• [Task to carry out]: Begin at the line below that holds "- Evangiles dits" and end at the line that holds "カーブドベークライト 薔薇のペンダントブローチ 31.3×30.5mm(7.1g)", transcribing each line exactly and skipping any picture.

• [Data records]:
==========

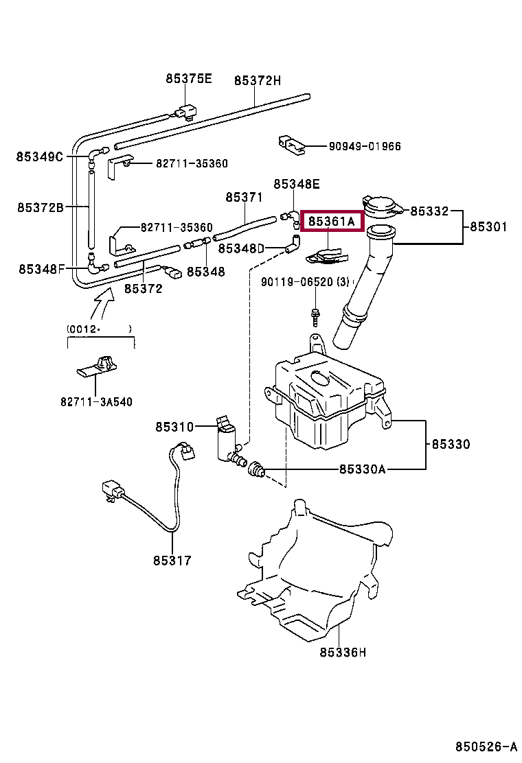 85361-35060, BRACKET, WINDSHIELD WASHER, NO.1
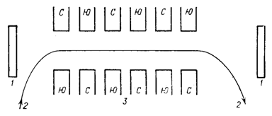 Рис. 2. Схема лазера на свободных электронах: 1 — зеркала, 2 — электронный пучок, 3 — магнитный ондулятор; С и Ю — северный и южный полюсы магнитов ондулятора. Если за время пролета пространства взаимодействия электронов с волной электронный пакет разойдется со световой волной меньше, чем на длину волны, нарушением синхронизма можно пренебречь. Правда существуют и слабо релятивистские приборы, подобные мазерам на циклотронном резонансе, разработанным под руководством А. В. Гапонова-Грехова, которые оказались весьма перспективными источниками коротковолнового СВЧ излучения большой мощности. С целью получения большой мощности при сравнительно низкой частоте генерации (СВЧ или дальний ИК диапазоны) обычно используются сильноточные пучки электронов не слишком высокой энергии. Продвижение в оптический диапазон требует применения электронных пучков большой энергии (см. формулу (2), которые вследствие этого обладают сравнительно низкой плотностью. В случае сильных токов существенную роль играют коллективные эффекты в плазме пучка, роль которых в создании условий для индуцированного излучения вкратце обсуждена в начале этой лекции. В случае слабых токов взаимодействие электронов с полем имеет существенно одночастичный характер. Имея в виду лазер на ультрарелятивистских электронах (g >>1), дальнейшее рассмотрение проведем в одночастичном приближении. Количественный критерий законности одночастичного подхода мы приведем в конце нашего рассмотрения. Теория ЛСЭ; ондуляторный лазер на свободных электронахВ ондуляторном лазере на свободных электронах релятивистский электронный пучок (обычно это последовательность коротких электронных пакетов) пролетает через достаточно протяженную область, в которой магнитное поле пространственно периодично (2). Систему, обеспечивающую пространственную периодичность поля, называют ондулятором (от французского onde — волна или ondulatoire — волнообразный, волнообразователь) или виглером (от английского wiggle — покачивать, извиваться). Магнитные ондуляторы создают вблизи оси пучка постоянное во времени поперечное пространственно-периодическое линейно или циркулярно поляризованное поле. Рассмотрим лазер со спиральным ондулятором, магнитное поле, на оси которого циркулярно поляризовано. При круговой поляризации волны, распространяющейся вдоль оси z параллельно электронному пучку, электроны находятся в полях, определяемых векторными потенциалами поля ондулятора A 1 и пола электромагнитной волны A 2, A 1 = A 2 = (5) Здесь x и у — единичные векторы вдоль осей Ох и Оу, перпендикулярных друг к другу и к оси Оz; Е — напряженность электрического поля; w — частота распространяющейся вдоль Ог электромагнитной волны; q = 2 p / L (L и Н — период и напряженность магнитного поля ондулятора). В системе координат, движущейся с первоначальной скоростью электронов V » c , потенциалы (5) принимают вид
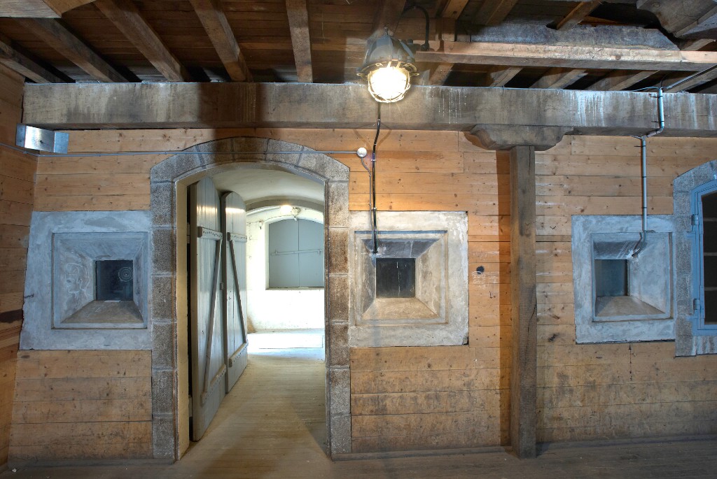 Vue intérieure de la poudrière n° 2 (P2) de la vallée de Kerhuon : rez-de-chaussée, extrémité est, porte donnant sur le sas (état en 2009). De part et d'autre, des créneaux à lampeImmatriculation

==========

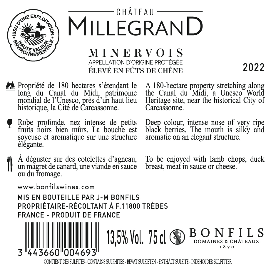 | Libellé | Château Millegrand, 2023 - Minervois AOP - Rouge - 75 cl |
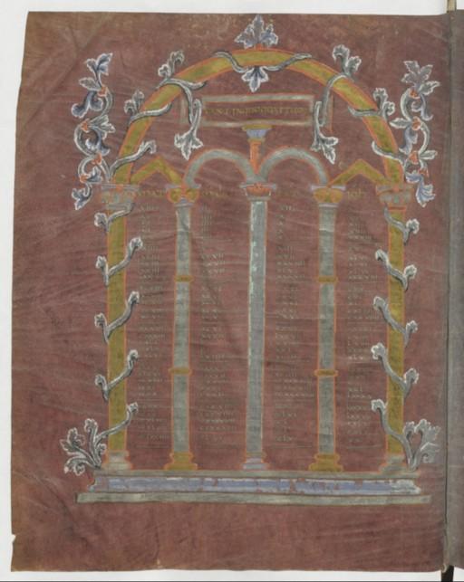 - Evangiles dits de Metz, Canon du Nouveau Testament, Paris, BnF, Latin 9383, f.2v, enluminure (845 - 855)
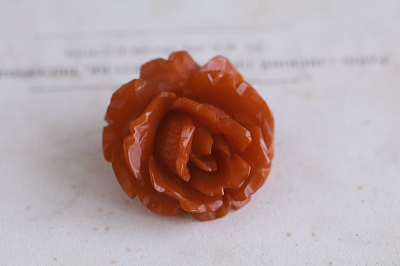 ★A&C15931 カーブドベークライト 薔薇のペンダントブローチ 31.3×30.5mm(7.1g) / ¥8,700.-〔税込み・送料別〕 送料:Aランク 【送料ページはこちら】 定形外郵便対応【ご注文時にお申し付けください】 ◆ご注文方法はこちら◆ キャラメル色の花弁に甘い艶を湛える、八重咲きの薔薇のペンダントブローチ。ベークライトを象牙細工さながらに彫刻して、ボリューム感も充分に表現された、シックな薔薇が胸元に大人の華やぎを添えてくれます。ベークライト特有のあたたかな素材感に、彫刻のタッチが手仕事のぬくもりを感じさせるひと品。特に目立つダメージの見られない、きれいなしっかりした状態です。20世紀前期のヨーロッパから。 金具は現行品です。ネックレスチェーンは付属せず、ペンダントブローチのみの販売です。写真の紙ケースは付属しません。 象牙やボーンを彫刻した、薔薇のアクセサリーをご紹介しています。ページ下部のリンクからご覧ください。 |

==========

• [Response to the exercise]:
 - Evangiles dits de Metz, Canon du Nouveau Testament, Paris, BnF, Latin 9383, f.2v, enluminure (845 - 855)
 ★A&C15931 カーブドベークライト 薔薇のペンダントブローチ 31.3×30.5mm(7.1g) / ¥8,700.-〔税込み・送料別〕 送料:Aランク 【送料ページはこちら】 定形外郵便対応【ご注文時にお申し付けください】 ◆ご注文方法はこちら◆ キャラメル色の花弁に甘い艶を湛える、八重咲きの薔薇のペンダントブローチ。ベークライトを象牙細工さながらに彫刻して、ボリューム感も充分に表現された、シックな薔薇が胸元に大人の華やぎを添えてくれます。ベークライト特有のあたたかな素材感に、彫刻のタッチが手仕事のぬくもりを感じさせるひと品。特に目立つダメージの見られない、きれいなしっかりした状態です。20世紀前期のヨーロッパから。 金具は現行品です。ネックレスチェーンは付属せず、ペンダントブローチのみの販売です。写真の紙ケースは付属しません。 象牙やボーンを彫刻した、薔薇のアクセサリーをご紹介しています。ページ下部のリンクからご覧ください。 |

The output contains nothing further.